Our Favorite Recipe For Mexican Salad

Tastes good, is fast made and really an ideal party salad. Instead of the sauce, you can also use two nacho dip glasses, which are actually everywhere. One can, of course, vary the degree of severity by, for example, taking chili beans or adding more sauce.

Mexican Salad With Chicken Fillet Recipe

100 g of tortilla chips

250 g tomatoes

250 g chicken fillet (in strips)

100 g of oak leaf lettuce

2 pieces avocado

Jalapenos (some)

1 can of corn (small)

1 piece lime

Honey

Balsamic vinegar

Salt

Pepper (black, from the mill)

Olive oil

Chives

Preparation

For Mexican salad with tortilla chips, fry the chicken fillet with a little olive oil from all sides. Season with salt and pepper. Let it cool down. Grate the lime and then squeeze it out. Mix the lime grated with the juice, honey, balsamic and the olive oil in a bowl for dressing. Season with salt and pepper.

mexican salad

Halve the avocado and cut the pulp into small pieces. Dice the tomatoes, cut the jalapenos into fine rings. Clean and wash the salad, then spin dry. Then mix the salad with all other ingredients (except for the tortilla chips) loosely. Add dressing and carefully pass through again. Then spread on plates and crumble the tortilla chips over it. Garnish with finely chopped chives.

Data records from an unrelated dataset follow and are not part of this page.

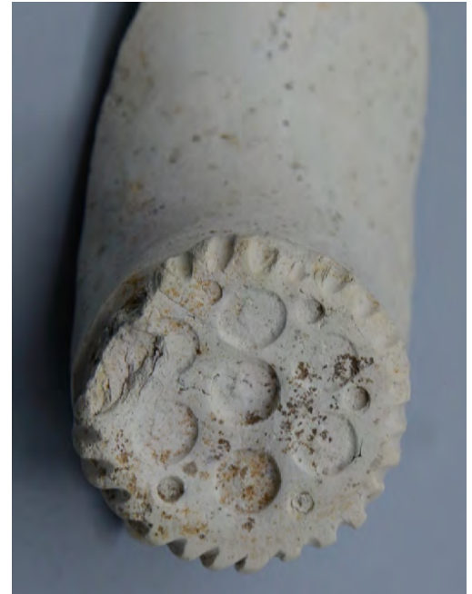
Afb. 1a-b. Zij- en onderaanzicht van het hielfragment van de presentatiepijp uit de omgeving van Middelburg. Collectie Hans Bostelaar.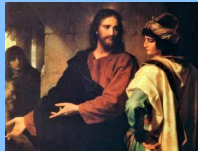
Gesù e il giovane ricco (Johann Michael Ferdinand Heinrich Hofmann, 1889)

- Nel rinnovamento dei Tempi forti dello Spirito -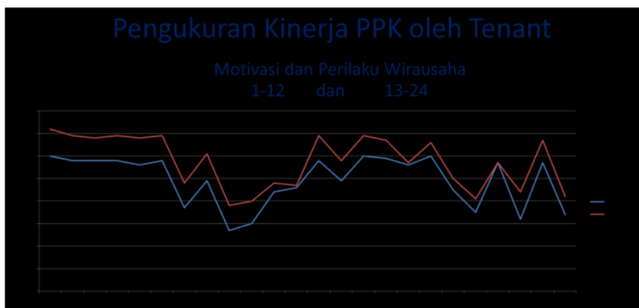
Gambar 2 Analisis Pre Post Terhadap Motivasi dan Perilaku Wirausaha Tenant PPK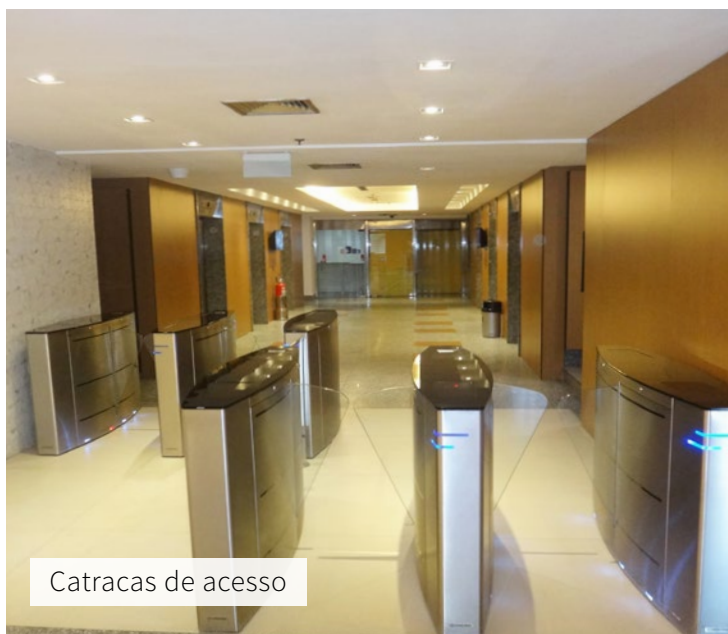
Catracas de acesso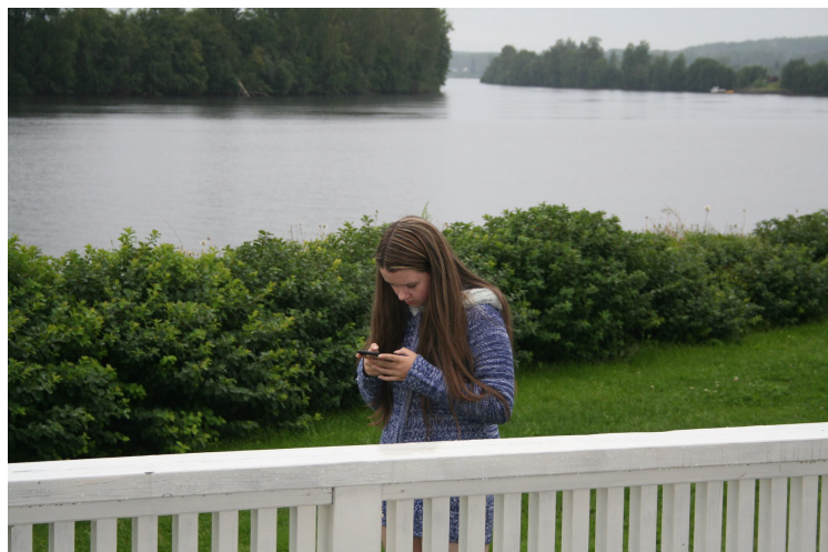
Utenfor terrassen på hytta.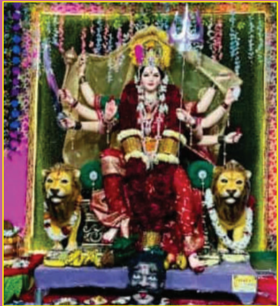
चांदूर बाजार-सार्वजनिक दुर्गा उत्सव मंडळ देऊरवाडा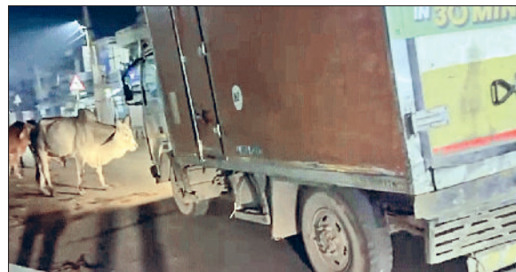
बवानीखेड़ा। बाबा कमाल मंदिर के पास रोड पर बैठे बेसहारा पशु व बच बचाकर गुजरते वाहन।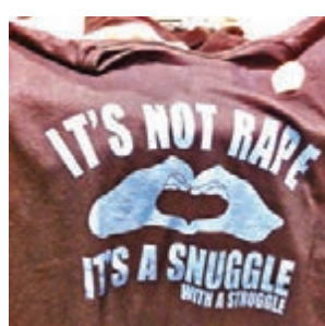
T恤印着「這不是強姦，只是靠在一起時有點掙扎」。

Our Favorite Recipe For Mexican Salad

Tastes good, is fast made and really an ideal party salad. Instead of the sauce, you can also use two nacho dip glasses, which are actually everywhere.
Prep Time10 mins
Cook Time10 mins
Total Time20 mins
Course: Salad
Cuisine: Mexican
Keyword: Mexican Salad, mexican salad calories, Mexican Salad Recipe
Servings: 4 people
Calories: 280kcal
Author: ece ece

Ingredients

  • 100 g of tortilla chips
  • 250 g tomatoes
  • 250 g chicken fillet (in strips)
  • 100 g of oak leaf lettuce
  • 2 pieces avocado
  • Jalapenos (some)
  • 1 can of corn (small)
  • 1 piece lime
  • Honey
  • Balsamic vinegar
  • Salt
  • Pepper (black, from the mill)
  • Olive oil
  • Chives

Instructions

  • Halve the avocado and cut the pulp into small pieces. Dice the tomatoes, cut the jalapenos into fine rings. Clean and wash the salad, then spin dry. Then mix the salad with all other ingredients (except for the tortilla chips) loosely. Add dressing and carefully pass through again. Then spread on plates and crumble the tortilla chips over it. Garnish with finely chopped chives.